Я смотрел на его лицо, в эти глаза, которые чуть не сыпали зелёными искорками, и вдруг ощутил, как по спине пробежал холодок и выступила «гусиная кожа». Брат человек и впрямь необычный, я знал, у него сказано — сделано. Стоит нам ногой или копытом заступить межу, он пойдёт на нас с мотыгой и глазом не моргнёт. Жаль, что такие люди рождаются в мирное время. Появись он на свет на пару десятилетий раньше, точно стал бы героем, за кого бы ни сражался. Пойди он в бандиты, людей бы положил без числа. Но нынче времена мирные, и для таких, как он, с его жестокостью, смелостью и решительностью, с его беспристрастностью, вроде и применить себя особо негде.

Отец, похоже, тоже потрясённый, посмотрел на него, торопливо отвёл взгляд и уставился на торчащую из земли мотыгу:

— Много я наговорил, Цзиньлун, ерунда всё это, не бери в голову. Чтобы ты не переживал и чтобы во мне не иссякла эта решимость, я сначала пройду у края, а ты гляди. Коли нужно будет рубить — руби, не теряй времени.

Он подошёл к волу, потрепал его за уши, похлопал по лбу и прошептал:

— Эх, вол мой, вол!.. A-а, что тут говорить, гляди на камешки на меже и иди пряменько, ни на полшага в сторону!

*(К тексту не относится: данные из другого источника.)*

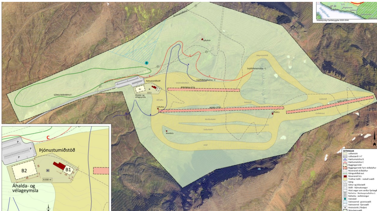
MYND 2.3 Nýr deiliskipulagsuppráttur skíðasvæðisins í Oddsskarði

Byrjendalyfta – gert er ráð fyrir að innan byggingarreits verði heimilt að reisa nýja diskalyftu ásamt því að reisa lítið hús fyrir stjórnbúnað lyftunnar að hámarki 20 m 2 . Gert er ráð fyrir að lyftan verði allt að 360 m að lengd og getur legið frá um 540 m.y.s. til 610 m.y.s. Jafnframt þarf að ráðast í landmótun meðfram lyftunni til að slétta svæðið og gera hæft til skíðaiðkunar.

Отец поправил плуг, нацелился по меже, тихо понукнул, и вол тронул. Брат поднял мотыгу и округлившимися глазами впился в копыта вола. Тот, похоже, ничуть не ощущал нависшей опасности. Он двигался не снижая скорости, не напрягаясь и не выгибая спину, такую ровную, что хоть чашку, полную воды, ставь — не прольётся. Отец, держась за ручки плута, шагал по новой борозде, которая тянулась ровной прямой линией. Приходилось полностью полагаться на вола. Глаза у него смотрят в стороны, как он умудряется держать прямую линию, ума не приложу! Я лишь видел, как вспаханная борозда чётко разделяет нашу полосу и общественное поле и камни на меже остаются ровно посередине. Всякий раз, подойдя к одному из этих камней, вол чуть замедлял шаг, чтобы отец мог перенести лемех. Отпечатки его копыт оставались на краю нашей полосы, и когда круг был пройден, граница ни разу не была нарушена. Случая пустить в ход мотыгу Цзиньлуну так и не представилось. Отец с шумом перевёл дух и сказал:

— Ну, теперь, господин хороший, можете спокойно возвращаться, верно?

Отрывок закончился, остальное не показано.